Post-acute Sequelae of SARS-CoV-2 Infection: A Neglected Public Health Issue

Introduction

The COVID-19 pandemic has caused at least 508,827,830 infections and is associated with a 1.2% mortality rate worldwide (1). New SARS-CoV-2 variants have driven new waves of the pandemic as a result of their increased transmissibility and ability to evade the immune response (2). The post-acute sequelae of SARS-CoV-2 infection (PASC) is an important but underestimated public health issue that can have a long-term impact on pulmonary and multiple extrapulmonary tissues and organs through several potential mechanisms (3, 4). Recent studies demonstrate that approximately 4–69% of patients (including children, adolescents, adults, and senior) suffer from PASC (5–11). There is considerable evidence concerning post-acute sequelae that will likely outlast the current pandemic and need to be addressed. This article reviews the clinical sequelae of COVID-19 survivors and provides valuable insights required to fill the gaps in medical knowledge.

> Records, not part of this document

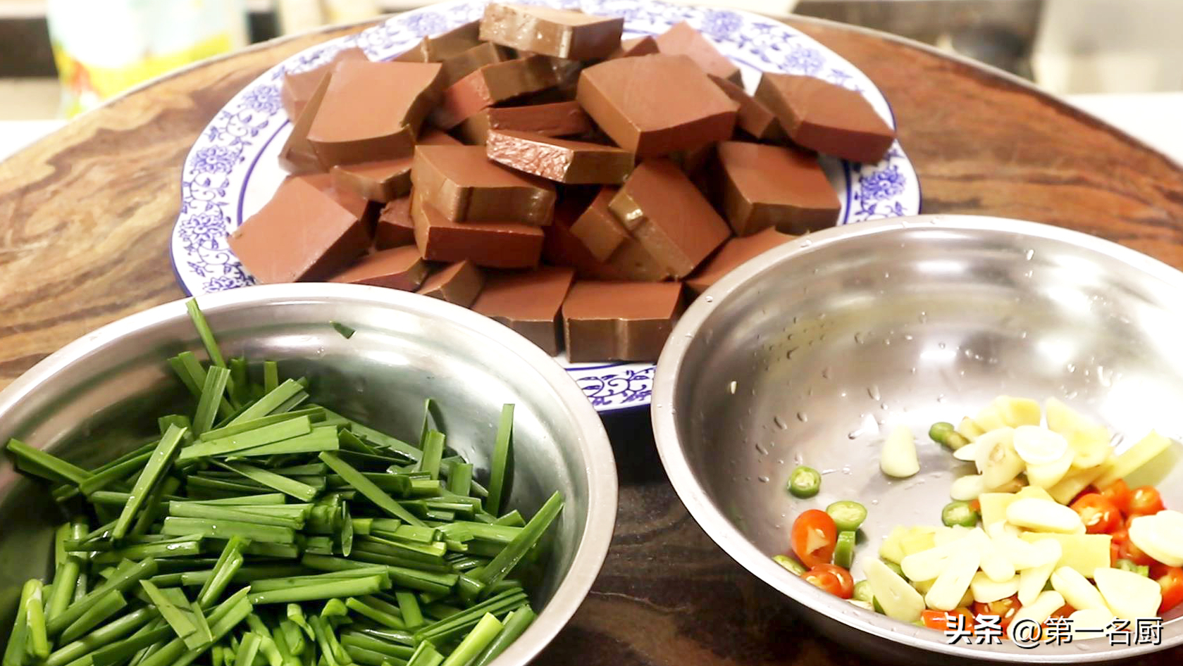 1.准备韭菜一把,洗净后切成3厘米长的段,鸭血两块切成厚片,青红辣椒各一个切成细圈,生姜一块切成姜片,大蒜几粒切成蒜片。
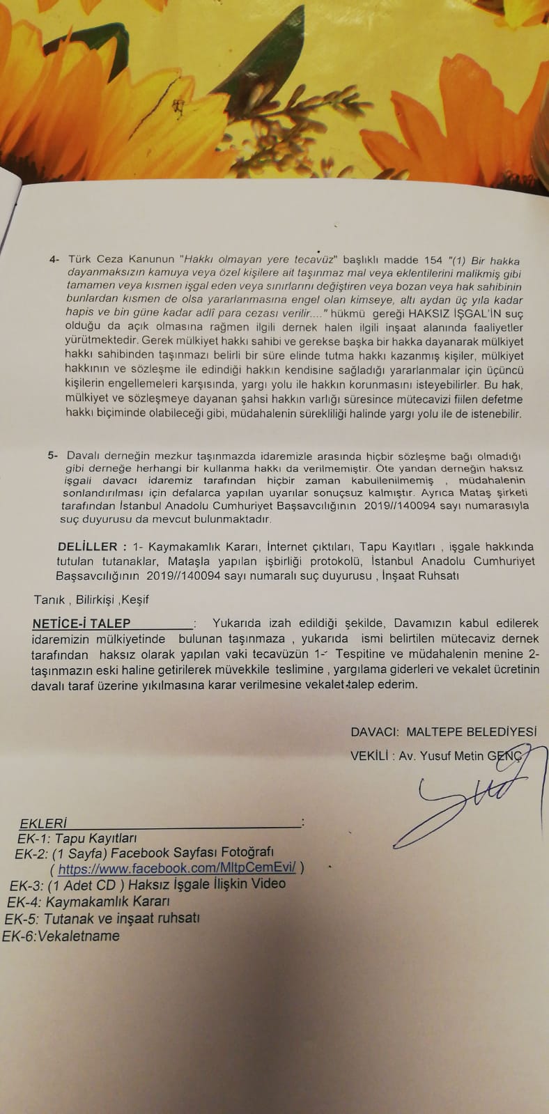 İstanbul Maltepe Gülsuyu’nda bulunan Maltepe Cemevi Derneği, Maltepe Sağlık Turizm Eğitim Otopark Temizlik ve İnş. San. ve Tic. A.Ş. (MATAŞ) tarafından kendilerine ait araziyi ‘işgal’ ettiği gerekçesiyle kaymakamlığa şikayet edilmişti. Şikayet kapsamında kaymakamlık 22 Mayıs günü cemevinde tahkikat başlattı. Cemevinin yemekhanesinde yapılan tahkikatta bazı cemevi yönetici ve üyelerinin ifadeleri alınmıştı. Maltepe Belediye Başkanı Ali Kılıç’ın cemevi yöneticilerine inşaatı bir yıl içinde bitireceğine dair söz verdiği yıl aynı arsayı Süreyyapaşa Vakfı’na devrettiği, vakfın da arsayı 25 yıl süreliğine MATAŞ’a kiraya verdiği ortaya çıkmıştı.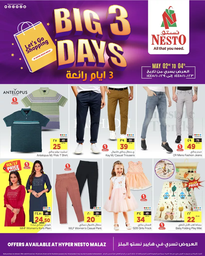 عروض نستو الرياض الويكند على الملابس والأجهزة الكهربائية الخميس 2 مايو 2024 توفر خصومات ممتازة للمتسوقين. تشمل العروض تنزيلات كبيرة على مجموعة متنوعة من الملابس لجميع أفراد الأسرة، من الأزياء الكاجوال إلى الملابس الرياضية، وكذلك الأزياء الرسمية. هذه العروض تجعل نستو الرياض وجهة مثالية لتحديث خزانة الملابس بتكلفة معقولة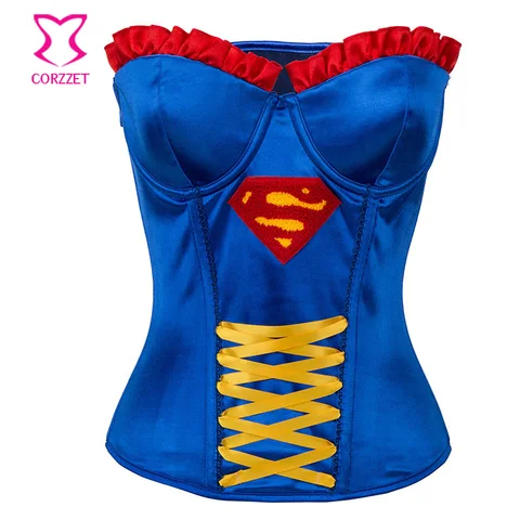 Sexy Blue Superwoman Ruffle Satin Corset Steampunk Push Up Korsett For Women Plus Size Gothic Clothing Burlesque Bustier Tops XL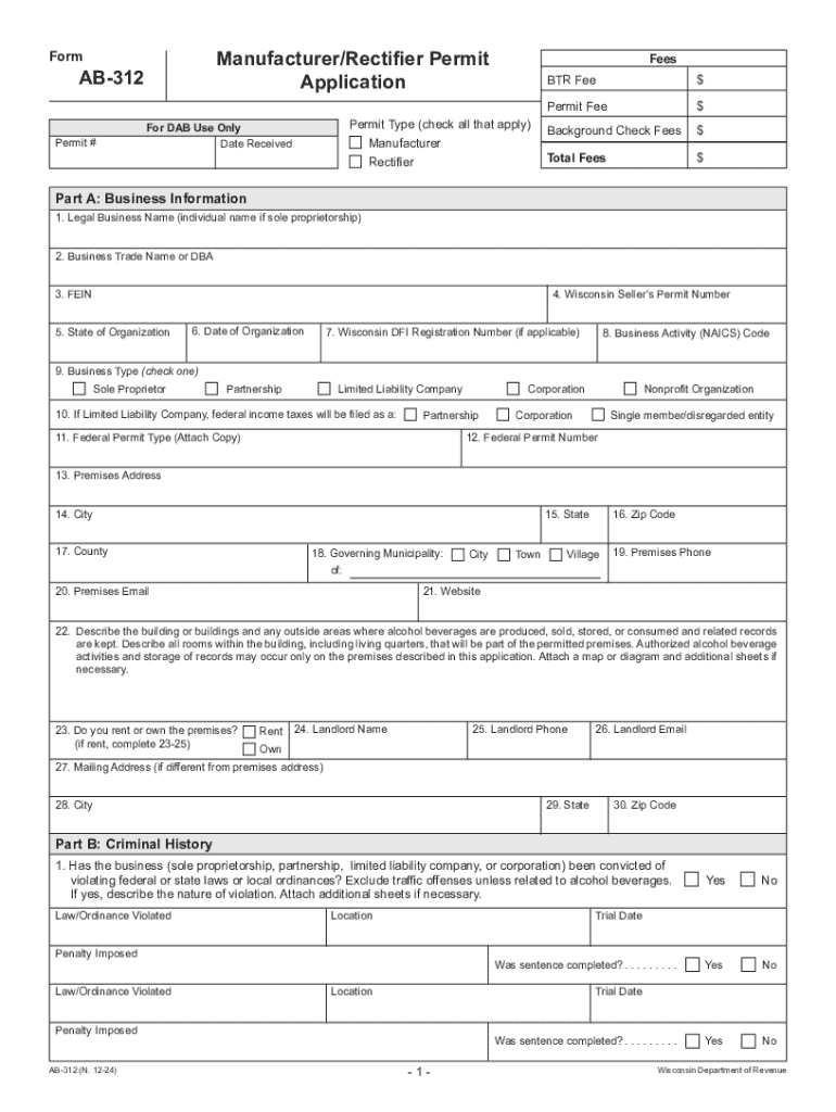 This application is for obtaining a permit to manufacture or rectify intoxicating liquor in Wisconsin. It includes sections for business information, criminal history, associated individuals, interest restrictions, and attestation. Applicants must provide details regarding their business structure, any affiliations with other alcohol-related businesses, and certify truthful completion of the application.

Pulmonary and Extrapulmonary Organ Sequelae

There are several persistent sequelae occurring among COVID-19 survivors (see Figure 1). A longitudinal cohort study from Wuhan, China found that 1 year after COVID-19 diagnosis, 26% (313/1,185) and 30% (380/1,271) of survivors experienced dyspnea, or persistent breathlessness, at 6 and 12 months, respectively (12). The same study found that lung diffusion impairment was common among critically ill patients at 12 months (12). In a multicenter UK study, Evans et al. (13) found that of 1,077 hospitalized patients, 41% experienced dyspnea and 21–28% experienced palpitations and chest pain 5.9 months after discharge. A random-effect meta-analysis of 257,348 patients revealed that 25, 21, and 31% of survivors displayed persistent dyspnea at 6–8, 9–12, and >12 months follow-up, respectively (14).

FIGURE 1

Figure 1. Multiple organ sequelae of SARS-CoV-2 infection.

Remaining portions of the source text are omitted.